Naturerbe versus Arbeitsplätze
Im vergangenen Jahr hat die Regierung Sambias dem Unternehmen Legacy Holdings Zambia Konzessionen zum Bau von touristischen Anlagen auf einem Gelände von 220 Hektar für neun Millionen US Dollar zugesichert. Vereinbarungen über eine periodische Steuerabgabe liegen unter Verschluss. Die Baupläne und die Landvergabe an den privaten Investor sind ein Politikum, schließlich ist das Gebiet Teil des Moshi-O-Tunya Nationalparks, der 1989 von der UNESCO zum Weltnaturerbe erklärt wurde.
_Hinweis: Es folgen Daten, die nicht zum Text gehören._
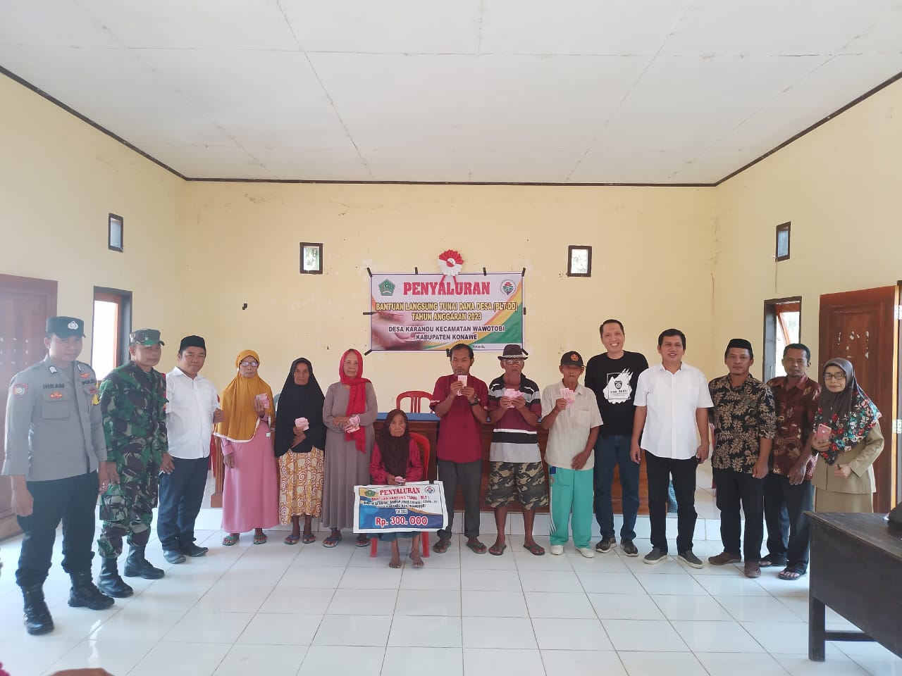 UNAAHA, SULTRAHEADLINE.COM. Pemerintah Desa (Pemdes) Karandu Kecamatan Wawotobi Kabupaten Konawe Provinsi Sulawesi Tenggara (Sultra) kembali menyalurkan Bantuan Langsung Tunai Dana Desa (BLT-DD) tahun anggaran 2023 ini.

Tourismus- und Naturschutzbehörde, die Gewerkschaft der Hotelangestellten und auch der traditionelle Dorfvorsteher von Mukuni, in dessen Chiefdom der Park liegt, sprechen sich für den Bau aus: In einem Land, in dem es für 10 Millionen EinwohnerInnen nur knapp eine halbe Million Arbeitsplätze im formellen Sektor gibt, während Zweidrittel der Bevölkerung mit weniger als einem Dollar am Tag auskommen müssen, sollte man den Naturschutz nicht höher bewerten als die Chance auf 2.000 neue Jobs, so wird argumentiert. Umweltschutz ginge sonst auf Kosten des Kampfes gegen die Armut, sei also unsozial und unverantwortlich. Anlässlich einer Umweltverträglichkeitsstudie, die im November 2006 zu öffentlichen Anhörungen in der 200.000 Einwohner zählenden Stadt Livingstone führte, versicherte Legacy Holdings Zambia größte Umweltsensibilität bei der Umsetzung der Baupläne .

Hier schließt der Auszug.